There are times when I find myself feeling lonely and it just brings back all those memories of how lonely, alone and isolated I felt in the past. I don’t want to feel lonely and I definitely don’t like feeling lonely, especially when I am surrounded by people.
Although I know that I will never literally be lonely and alone, because of the God in my life, my family and certain friends, there are times when people in my life find a way to make me feel lonely and isolated, mainly because I am regularly left out.
Now I am not someone who thinks I need to know and be involved in absolutely everything, but it is nice to be kept in the loop and feel like I am part of a group. There is nothing worse than being in a group of people and not really being in the group. It makes me feel like a spare part who does not actually fit, as I sit quietly not being able to get involved in particular conversations and watch as individuals whisper like I’m not even there.
For some reason, it seems that no matter what I do, there are times when I am seen as the second-rate friend.
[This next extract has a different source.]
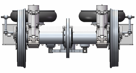 车轮材料采用整体碾钢材料,选用LMA踏面,由于采用轮盘制动,选择直辐板车轮。车轴采用EA4T材料,空心车轴便于减轻重量和探伤。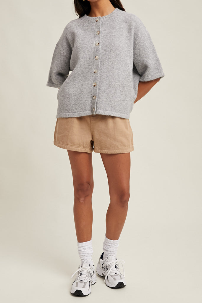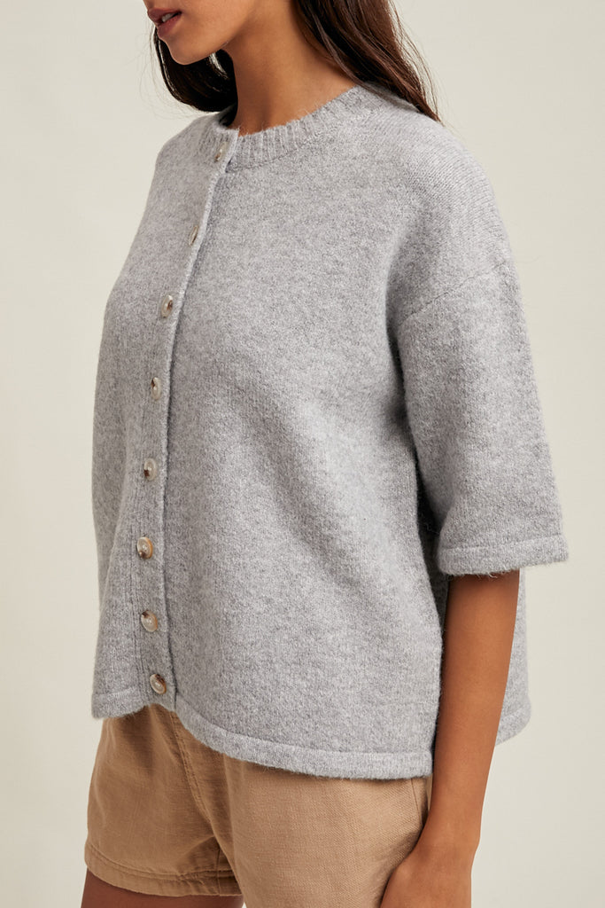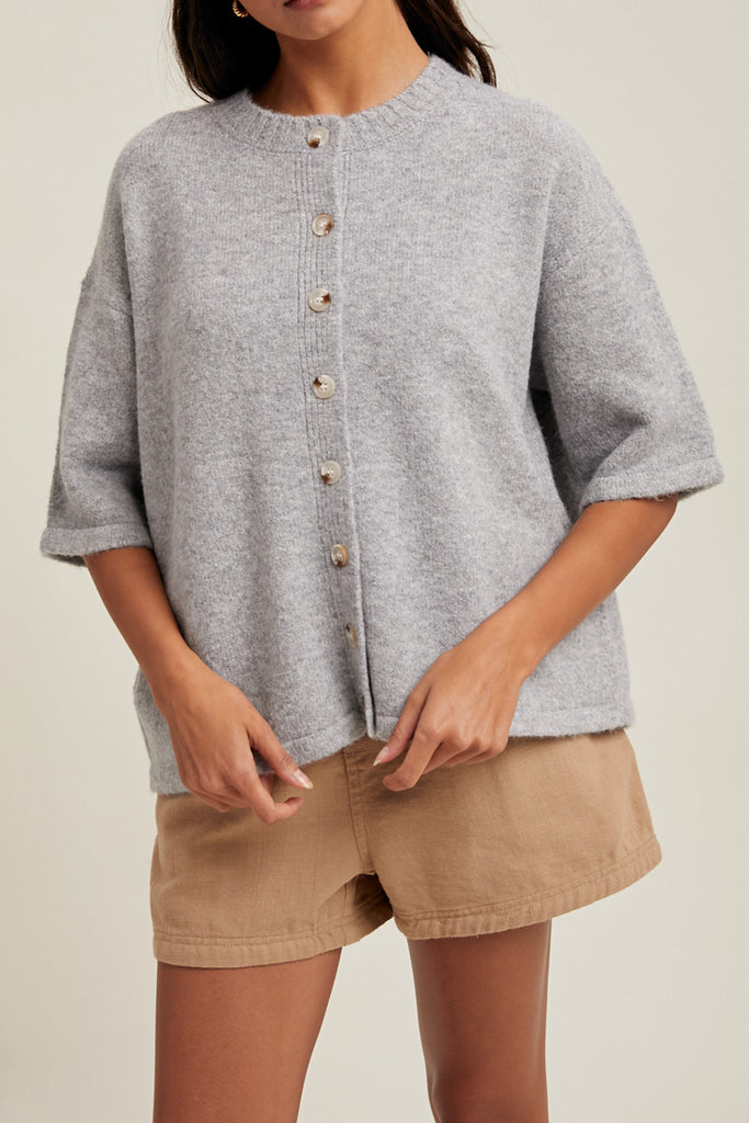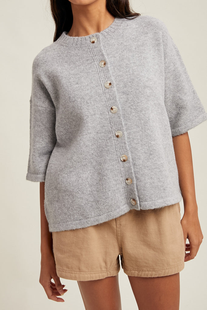 Personify Shopsoft short sleeve sweater in light heather grey. knit top has a loose, boxy silhouette and features a crew neckline, button front, roomy short sleeves, and ribbed details on neckline and button placket. short sleeve cardigan makes a great throw-on-and-go piece for the fall.

It’s like I’m not good enough to be a real part of the group, so I am left sitting on the outside of their inner circle and you know what, it hurts.
I don’t like to sit dwelling on this, because it upsets my spirit, and I don’t want to spend time thinking about something that will bring me down. I don’t understand why I regularly find myself in this situation, but such is life.
I have a truly amazing God in my life and I know that he will never leave me or treat me like a second-rate citizen. I have a special sister, who I can always turn to. I have a great best friend who is always loyal. I have a lovely twin who appreciates me as much as I appreciate him. I have a hilarious friend who I adore and a kooky friend who I’ve got a lot of love for. And I also have both of my parents in my life.
I don’t like feeling lonely, but I cannot change how people are going to act around me or force them to treat me differently. I just have to count my blessings and keep living my life as best as I can.